Muita dor e sem diagnóstico: ele chegou a pensar em amputar braços e pernas

Arquivo pessoal
Imagem: Arquivo pessoal

Bárbara Therrie

Colaboração para VivaBem

12/06/2022 04h00Atualizada em 13/06/2022 10h51

Com dores diárias e sem conseguir dormir direito, Samuel Oliveira, 44, demorou cinco anos para descobrir que tem uma doença inflamatória crônica chamada espondilite anquilosante, que causa dores na coluna vertebral e sempre piora à noite. Durante uma crise, ele atentou contra a própria vida para acabar com as dores, mas conseguiu superar e hoje é engajado em conscientizar sobre a doença e ajudar outros pacientes. A seguir, ele conta sua história:

"Os primeiros sintomas apareceram quando comecei a sentir fortes dores na coluna, à noite, na hora de dormir. Na época, tinha 23 anos, trabalhava como agente de saúde e achava que era por conta dos equipamentos pesados que carregava na mochila.

Aos 24, me mudei da Bahia para São Paulo em busca de novas oportunidades profissionais, queria arranjar um trabalho com menos esforço físico imaginando que isso poderia aliviar as dores.

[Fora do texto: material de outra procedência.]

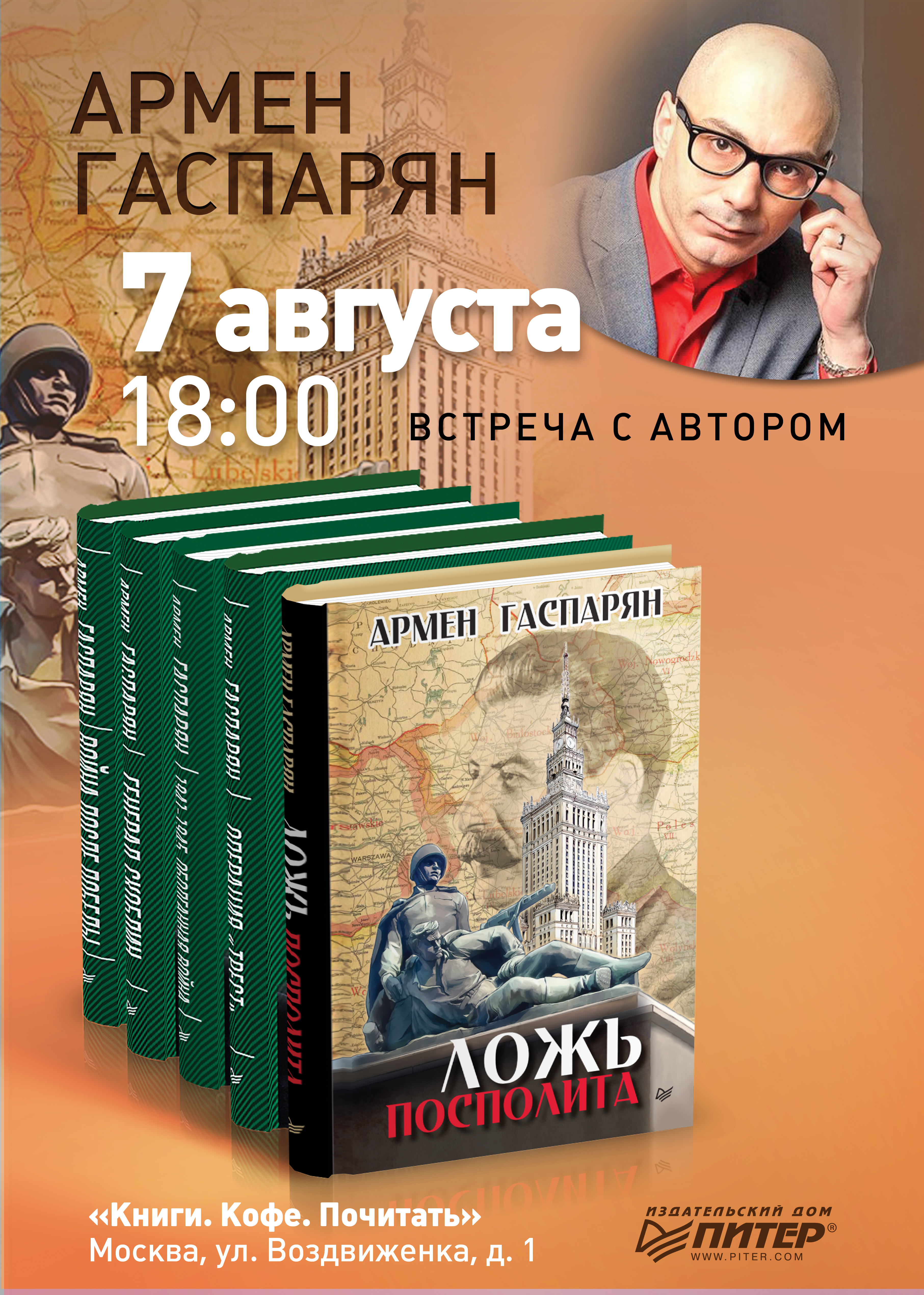 В книжном клубе РВИО «Книги. Кофе. Почитать» (Москва, Воздвиженка, 1) продолжается цикл встреч с интересными людьми. 7 августа в 18.00 состоится творческая встреча с Арменом Гаспаряном.

Consegui um emprego de auxiliar de serviços gerais em uma academia, depois fui trabalhar como porteiro e comecei a faculdade de educação física.

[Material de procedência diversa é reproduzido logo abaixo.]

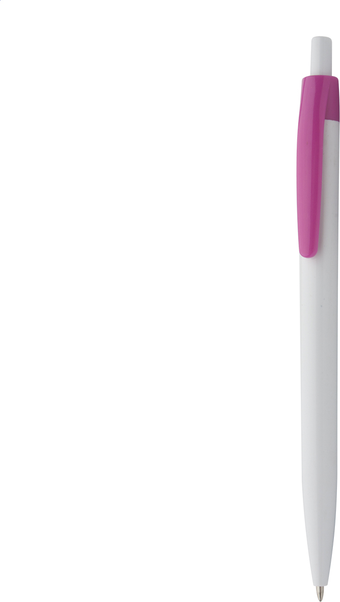 Plastové kuličkové pero s bílým tělem a barevným klipem, s modrou náplní.

Nessa fase, as dores voltaram, mas dessa vez elas eram no tornozelo direito. Fui ao hospital achando que era uma torção, mas o médico disse que era tendinite, me passou remédio e me mandou para casa.

A partir daí, as dores não pararam mais e apareceram em lugares diferentes, no joelho esquerdo, nos dedos das mãos, dos pés, no quadril —essas regiões ficavam quentes, sensíveis e inchadas.

Passei com clínicos gerais e ortopedistas especialistas em pé e tornozelo, mas eles diziam sempre a mesma coisa, que era tendinite, tenossinovite, e que a dor era por causa da sobrecarga de outras articulações. Eles indicavam fisioterapia, gesso e medicamentos, mas nada ajudava.

Samuel Oliveira tem espondilite anquilosante - Arquivo pessoal - Arquivo pessoal
Imagem: Arquivo pessoal

As dores eram diárias, intensas e passaram a afetar o meu dia a dia e a minha mobilidade. Tive que usar muletas porque não conseguia mais andar sem apoio. Isso me impossibilitou de fazer as aulas práticas da faculdade de educação física e gerou bullying dos colegas que me chamavam de 'quebradinho' e 'aleijadinho'.

Ao longo do tempo, tive quatro grandes crises. Numa delas, não dormia direito com dor, acordava várias vezes na madrugada e só levantava em caso de extrema necessidade, para ir ao banheiro ou pegar comida. Cheguei a pensar em pedir para um dos médicos amputar meus braços e pernas.

Em uma noite, em um ato de desespero, atentei contra a minha própria vida. Tudo o que eu queria era não ter que acordar no dia seguinte, mas acordei e fui para o pronto-socorro do Hospital das Clínicas de São Paulo, onde fui medicado.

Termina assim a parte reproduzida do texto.